*** EXCERPTED DATA Section Begins ***

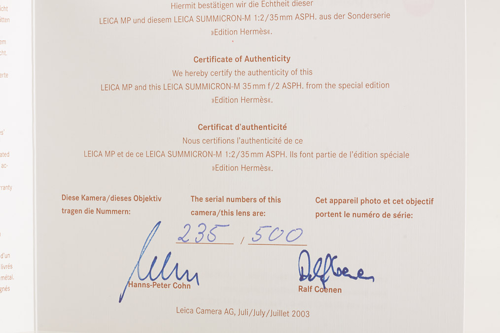 limited edition of 500 pieces (special no.235/500) in new condition complete with Summicron-M 2/35mm Asph. no.235/500, all papers, maker's boxes
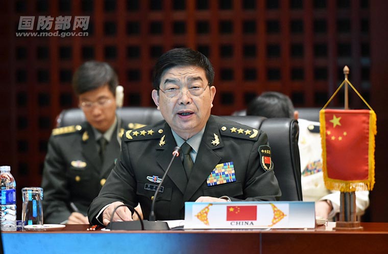 5月25日下午,國務委員兼國防部長常萬全上將在萬象出席了第六次中國—東盟國防部長非正式會晤。圖為常萬全發(fā)表講話。李曉偉攝
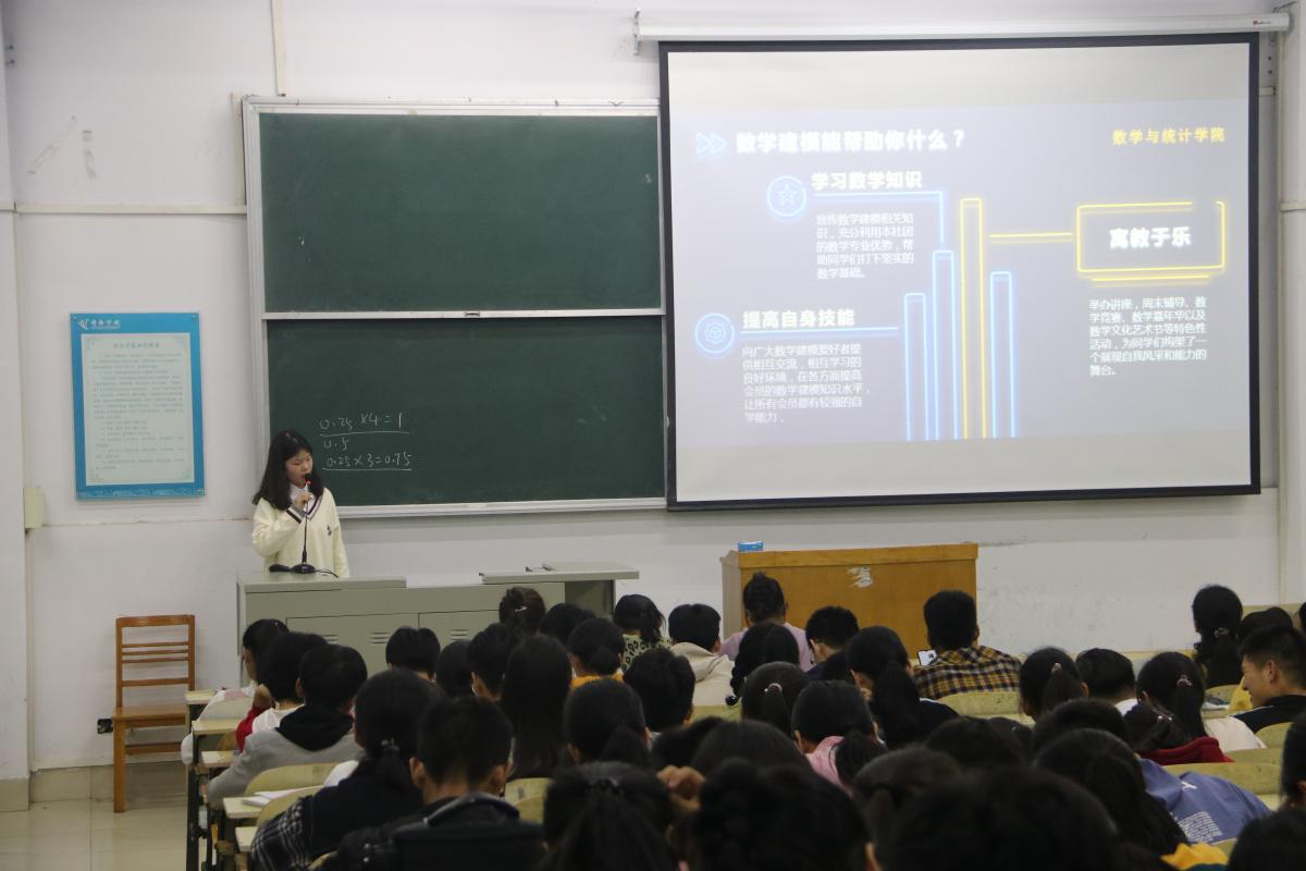 为了让数学与统计学院19级新生充分了解我院的三大特色社团,2019年10月21日晚七点,数学建模协会、数据黑蚂蚁社团、数学协会三大社团在B合六举行了社团见面会。
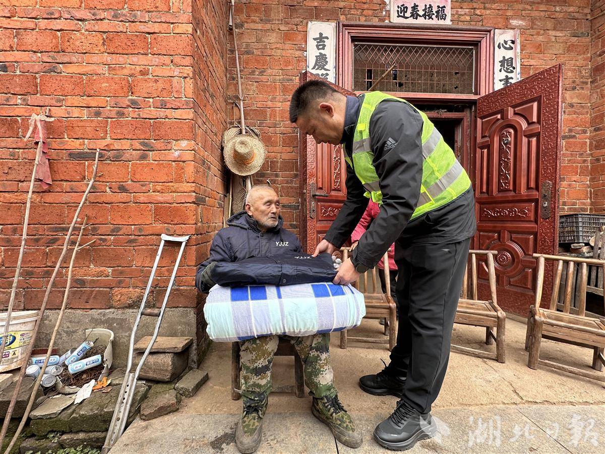“老哥,天冷了,这是省里给您发的棉大衣,快试试合不合身!”上午11时许,咸宁市应急管理局工作人员走进一间用砖瓦搭建的简朴农舍,拆开包装,将一件印有“YJJZ”(应急救灾)字样的深蓝色新棉大衣,披在82岁的李经友身上。
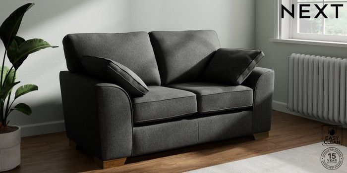 7.3.1 Buy Stamford 2 Seater Small Sofa Tweedy Blend Easy Clean Charcoal Grey Large Square Angle - Brushed Brass from the Next UK online shop Click here to use our accessible website
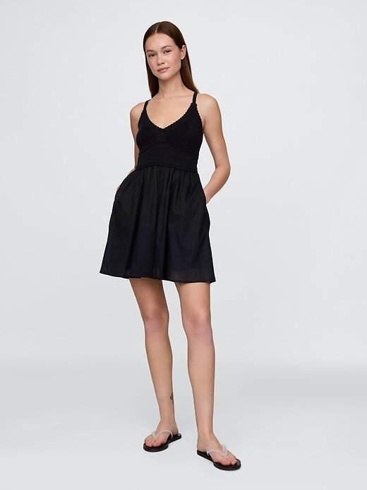 - Top de malha de crochê macio com saia de voil de algodão e minivestido de técnica mista.
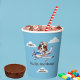 Design features a cute dog wearing a pilot's helmet and goggles flying through blue sky surrounded by white puffy fun clouds with his Cessna airplane. This cup sets the tone for a party everyone will love.
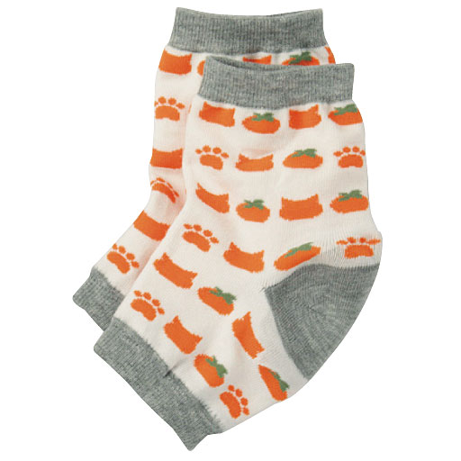 注目のグッズがお手ごろに購入できる情報です。     【ご注文が初めての方or5,000円(税別)以上のご注文で送料無料】かかとの内側に施したシリコン加工による発汗作用で、しっとり足ケア。はくだけでかかとケアができるフットケアソックスです。可愛いネコと柿のコラボ柄、ストライブ柄の2柄から選べます。かかと乾燥、かかとひび割れしやすい足のナイトケアに。 ■カラー:A ■サイズ:フリー
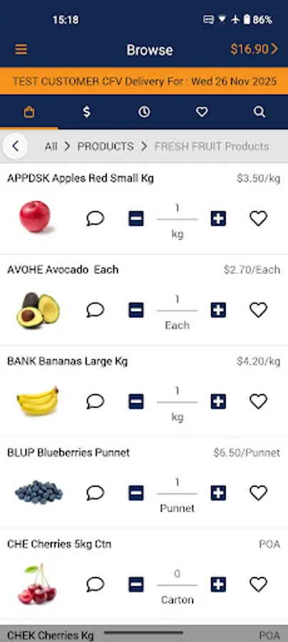 The Central Fruit & Vegetable Wholesalers app also offers the following features:
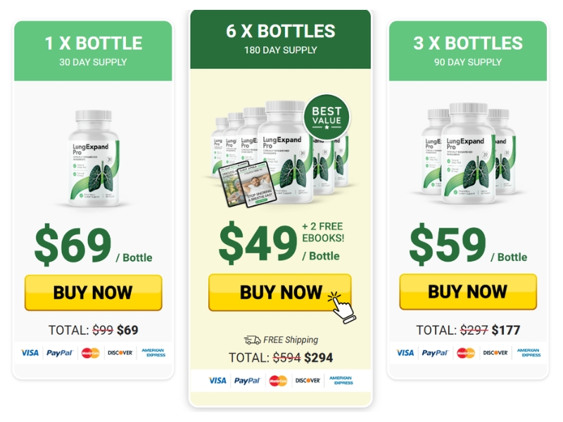 The six-bottle package is the best value, with each bottle priced at only $49 and a total cost of $294. This package also comes with two free eBooks to help enhance your lung health journey.

*** EXCERPTED DATA Section Ends ***

- _TASK DETAILS_:
Reproduce, exactly and only, the lines of the records above starting at the line with "5月25日下午,國務委員兼國" and ending at the line with "Design features a", both included. Leave every picture out.

- _EXERCISE RESULT_:
 5月25日下午,國務委員兼國防部長常萬全上將在萬象出席了第六次中國—東盟國防部長非正式會晤。圖為常萬全發(fā)表講話。李曉偉攝
 为了让数学与统计学院19级新生充分了解我院的三大特色社团,2019年10月21日晚七点,数学建模协会、数据黑蚂蚁社团、数学协会三大社团在B合六举行了社团见面会。
“老哥,天冷了,这是省里给您发的棉大衣,快试试合不合身!”上午11时许,咸宁市应急管理局工作人员走进一间用砖瓦搭建的简朴农舍,拆开包装,将一件印有“YJJZ”(应急救灾)字样的深蓝色新棉大衣,披在82岁的李经友身上。
 7.3.1 Buy Stamford 2 Seater Small Sofa Tweedy Blend Easy Clean Charcoal Grey Large Square Angle - Brushed Brass from the Next UK online shop Click here to use our accessible website
 - Top de malha de crochê macio com saia de voil de algodão e minivestido de técnica mista.
 Design features a cute dog wearing a pilot's helmet and goggles flying through blue sky surrounded by white puffy fun clouds with his Cessna airplane. This cup sets the tone for a party everyone will love.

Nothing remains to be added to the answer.